Un jeune malien dans l’une des classes.

Et le monde évolue depuis des années sur un plan géopolitique complexe et sinueux, dont les conséquences se font sentir dans L’Europe  à l’augmentation du nombre de personnes tentant d’accéder au continent de manière irrégulière, principalement par la mer, mais aussi en traversant les frontières terrestres à pied. L’invasion russe de l’Ukraine et l’instabilité généralisée du pays sahel et des pays du nord Afrique ont fait que le nombre d’immigration irrégulière en 2023 soit, jusqu’en novembre, le plus élevé d’Europe depuis 2016, selon les données gérées Frontex (la Agence européenne de garde-frontières et de garde-côtes).

Le phénomène migratoire a pleinement affecté Espagne. Les bilans du Ministère de l’Intérieur montrent que notre pays a enregistré cette année le plus grand nombre d’entrées irrégulières des cinq dernières. Seulement le îles Canaries ont compté plus que toute l’Espagne en 2022. L’archipel a battu son record historique, dépassant le chiffre connu sous le nom de crise du canoë en 2006, ce qui a entraîné le débarquement sur ses côtes de 31 678 personnes. En 2023, au 15 décembre, 37.187 sont arrivés (140% de plus qu’en 2022 à cette même date), un chiffre qui représente 70% du nombre total d’arrivées dans le pays, 52.945. Derrière cette augmentation disproportionnée se cache la crise sociale et politique que le Sénégal depuis l’été, qui a poussé des milliers de personnes, confrontées à l’impossibilité de fuir autrement, à prendre la mer à la recherche d’un avenir qu’elles ne pouvaient pas trouver dans leur pays d’origine. En conséquence, et en raison de sa position géographique, l’île de Le fer Elle est devenue pendant des semaines l’épicentre de l’immigration irrégulière dans toute l’Europe.

Les conditions pour demander l’asile varient en fonction de chaque personne.

L’écoulement constant des cayucos a provoqué la saturation des modestes infrastructures d’une île d’à peine 10 000 habitants et a mis en lumière le manque de prévoyance du gouvernement, incapable d’anticiper la situation et, par conséquent, de mener une action ordonnée et transparente. répartition des immigrants dans la péninsule. Ce n’est qu’à la mi-octobre que l’Exécutif décide de renforcer le contingent de la Garde civile déjà déployé au Sénégal avec deux avions de surveillance et Mauritanie, mais ce qui a réellement arrêté l’arrivée des cayucos, c’est l’arrivée de l’automne et la détérioration des conditions météorologiques dans l’océan, qui malgré cela ne s’est pas complètement arrêtée ; sans aller plus loin, Sauvetage maritime Ce mercredi, elle a secouru deux bateaux avec 125 personnes à bord qui se dirigeaient vers El Hierro.

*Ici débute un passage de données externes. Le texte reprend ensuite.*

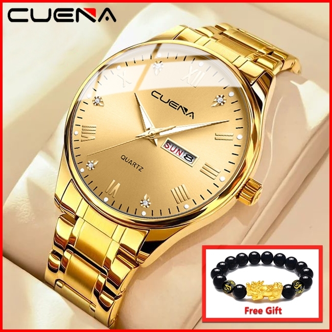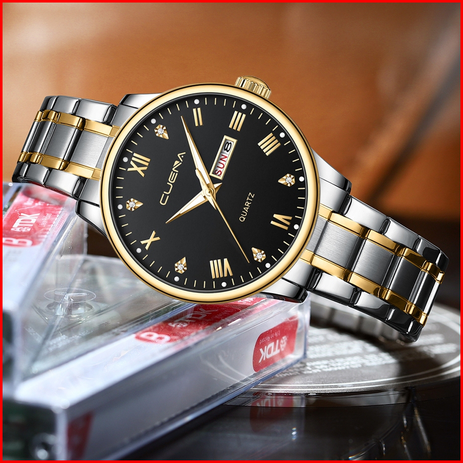 Cuena Jam Tangan Pria Original Anti Air Tahan Keren Luxury Kalender Ganda Analog Stainless Steel Watch For Men Model 612
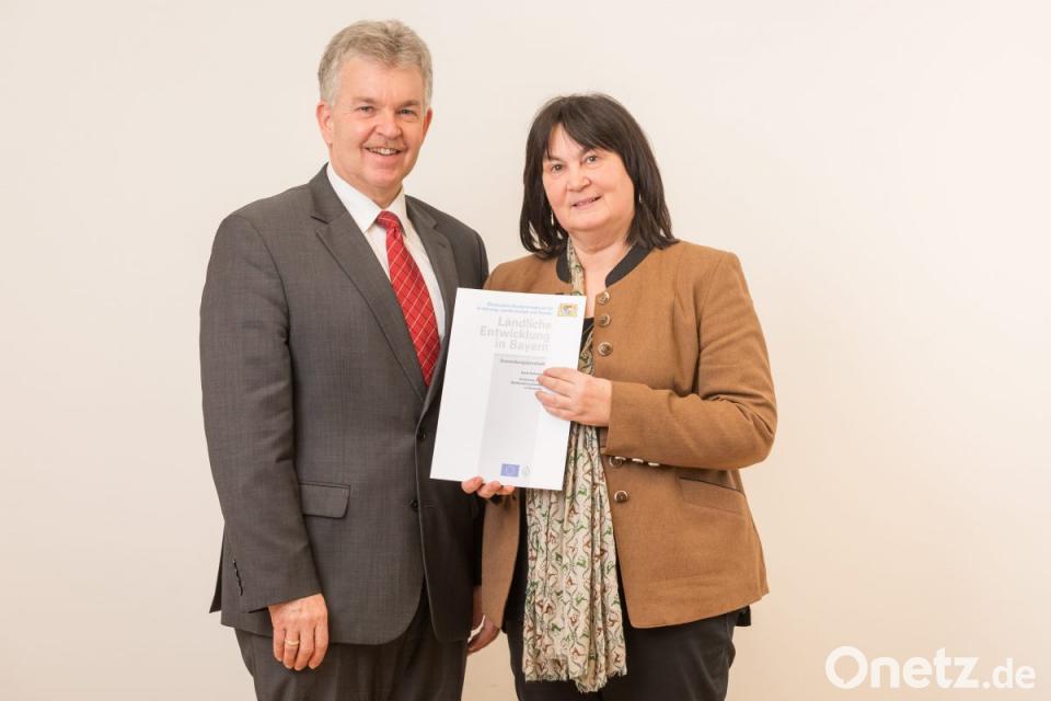 Ein Volumen von rund 65 000 Euro umfasst der Zuwendungsbescheid, den Ministerialdirektor Hubert Bittlmayer, Amtschef am Bayerischen Staatsministerium für Ernährung, Landwirtschaft und Forsten, am Montag an die Schönseer Bürgermeisterin überreichte. Dieser ist gedacht für die Umsetzung des Dorferneuerungsprojekt in Schwand.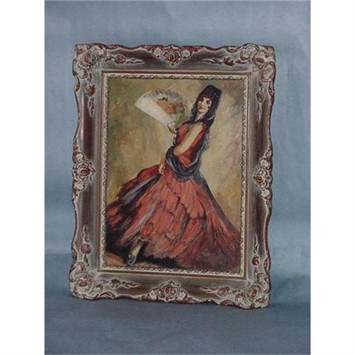 <table width="100%" border="0" cellspacing="0" cellpadding="4"><tr><td><em> </em></td></tr><tr> <td width="100%"> An oil painting on board, 12" X 15" framed. A spanish Flamingo dancer wearing a red dress and holding a fan. The painting is signed in the lower right F. Giron. Printed seal on the pack, shown. (2+) </td></tr><tr> <td> </td></tr><tr> <td>Reference #: 5597_101</td></tr><tr><td>Condition:good</td></tr><tr><td>Year:mid 20th century</td></tr><tr><td>Title:Spanish Dancer SKU 5597</td></tr><tr><td>Location:Fort Lauderdale, Florida</td></tr></table>
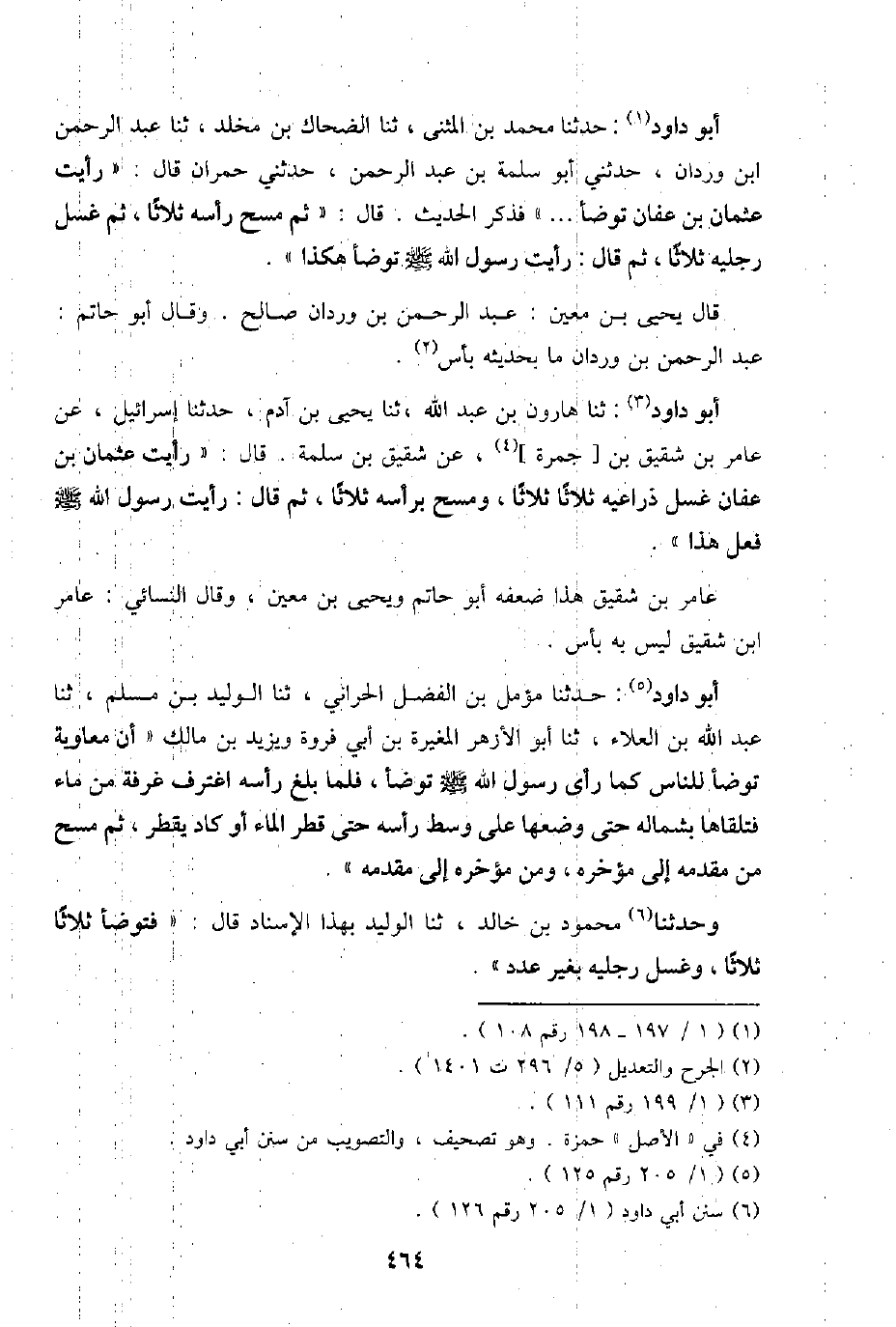 أَبُو دَاوُد: حَدثنَا مُحَمَّد بن الْمثنى، ثَنَا الضَّحَّاك بن مخلد، ثَنَا عبد الرَّحْمَن ابْن وردان، حَدثنِي أَبُو سَلمَة بن عبد الرَّحْمَن، حَدثنِي حمْرَان قَالَ: " رَأَيْت عُثْمَان بن عَفَّان تَوَضَّأ ... " فَذكر الحَدِيث. قَالَ: " ثمَّ مسح رَأسه ثَلَاثًا، ثمَّ غسل رجلَيْهِ ثَلَاثًا، ثمَّ قَالَ: رَأَيْت رَسُول الله - صَلَّى اللَّهُ عَلَيْهِ وَسَلَّم َ - تَوَضَّأ هَكَذَا ".

Une Ukrainienne avec son professeur d'espagnol

La gestion des mineurs étrangers non accompagnés, communément appelés mineurs étrangers non accompagnés, est particulièrement controversée. menas. Dans la Conférence sectorielle tenue ce jeudi, en réponse aux plaintes du gouvernement des îles Canaries (qui a actuellement 4 391 mineurs sous tutelle, soit le double du nombre d’avant l’été) et des communautés autonomes gouvernées par le Parti populaire, Elma Saiz, la nouvelle ministre de l’Inclusion, Sécurité Sociale et Migrations, a annoncé son intention d’apporter des modifications juridiques afin que les communautés ne soient plus les seules responsables de la menas sur leurs territoires et améliorer ainsi à la fois leur protection et leurs conditions de vie.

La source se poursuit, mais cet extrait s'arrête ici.